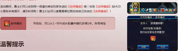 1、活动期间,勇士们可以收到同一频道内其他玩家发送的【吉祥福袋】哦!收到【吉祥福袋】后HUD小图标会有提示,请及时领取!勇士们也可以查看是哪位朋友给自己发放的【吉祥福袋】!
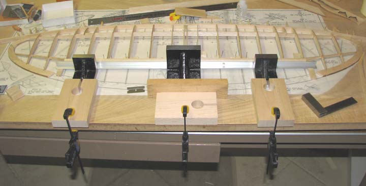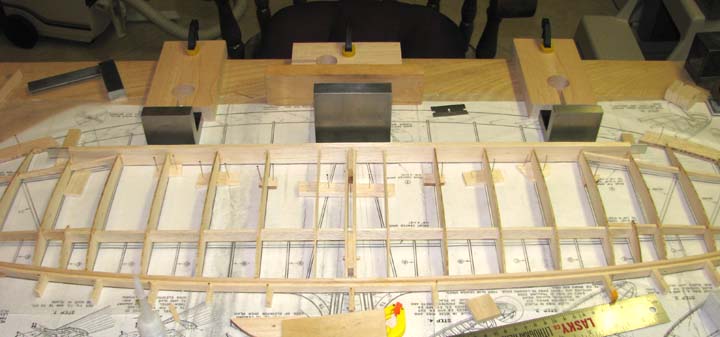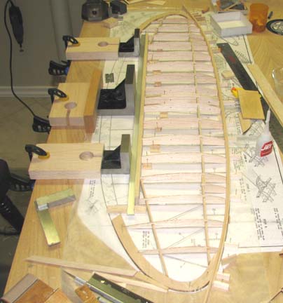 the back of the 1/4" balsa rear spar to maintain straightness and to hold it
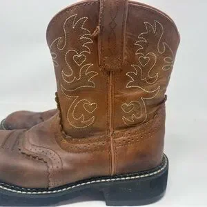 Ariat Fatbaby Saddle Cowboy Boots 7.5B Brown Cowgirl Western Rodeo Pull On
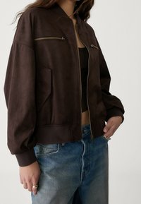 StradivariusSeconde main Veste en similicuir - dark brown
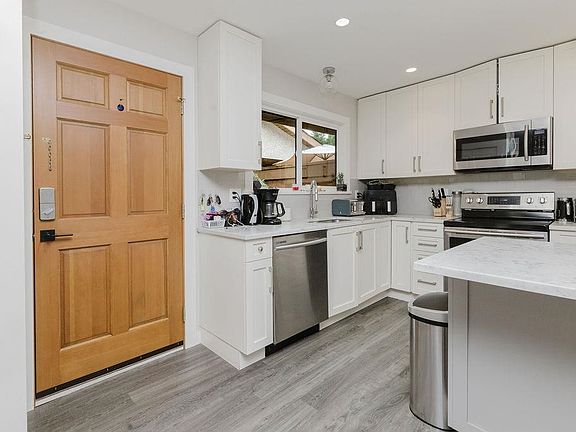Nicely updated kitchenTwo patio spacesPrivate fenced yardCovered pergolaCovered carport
────────────────────
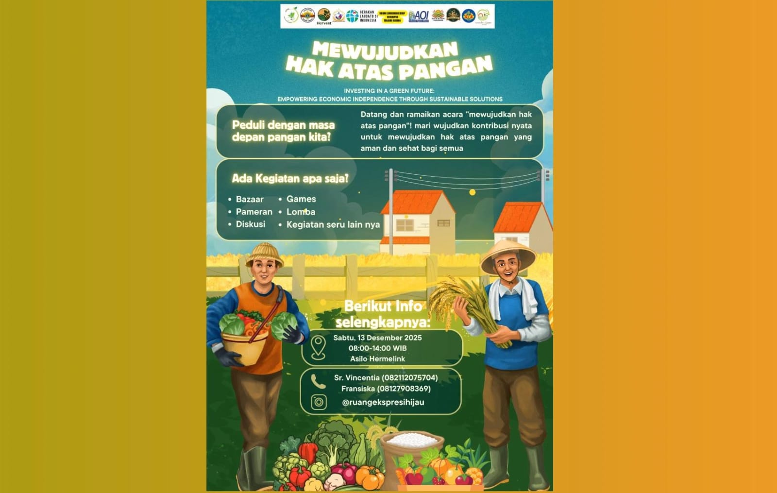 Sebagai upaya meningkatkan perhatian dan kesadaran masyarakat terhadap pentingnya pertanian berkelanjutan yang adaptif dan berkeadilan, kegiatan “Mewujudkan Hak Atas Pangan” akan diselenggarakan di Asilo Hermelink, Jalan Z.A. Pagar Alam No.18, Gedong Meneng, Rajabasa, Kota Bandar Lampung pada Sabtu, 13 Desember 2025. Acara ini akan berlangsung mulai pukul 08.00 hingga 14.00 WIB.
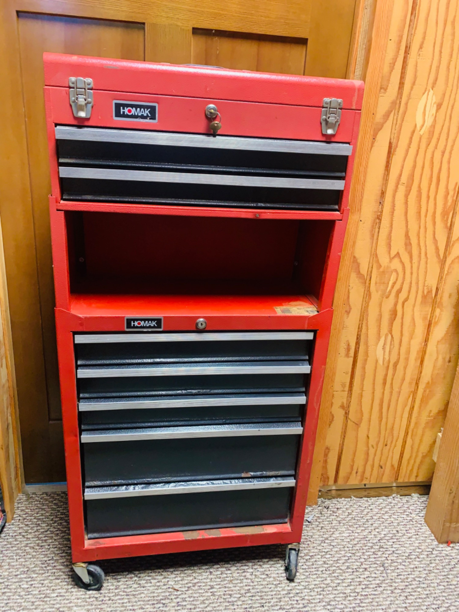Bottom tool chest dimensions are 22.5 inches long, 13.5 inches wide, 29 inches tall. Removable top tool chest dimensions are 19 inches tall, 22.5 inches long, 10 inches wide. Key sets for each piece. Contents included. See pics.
────────────────────
### Your assignment
Working from the data above, repeat exactly, and only, the lines that begin at the line containing "1、活动期间,勇士们可以收到" and stop after the line containing "Nicely updated kitchenTwo"; pictures are not copied.

### Solved problem
 1、活动期间,勇士们可以收到同一频道内其他玩家发送的【吉祥福袋】哦!收到【吉祥福袋】后HUD小图标会有提示,请及时领取!勇士们也可以查看是哪位朋友给自己发放的【吉祥福袋】!
 the back of the 1/4" balsa rear spar to maintain straightness and to hold it
 Ariat Fatbaby Saddle Cowboy Boots 7.5B Brown Cowgirl Western Rodeo Pull On
 StradivariusSeconde main Veste en similicuir - dark brown
Nicely updated kitchenTwo patio spacesPrivate fenced yardCovered pergolaCovered carport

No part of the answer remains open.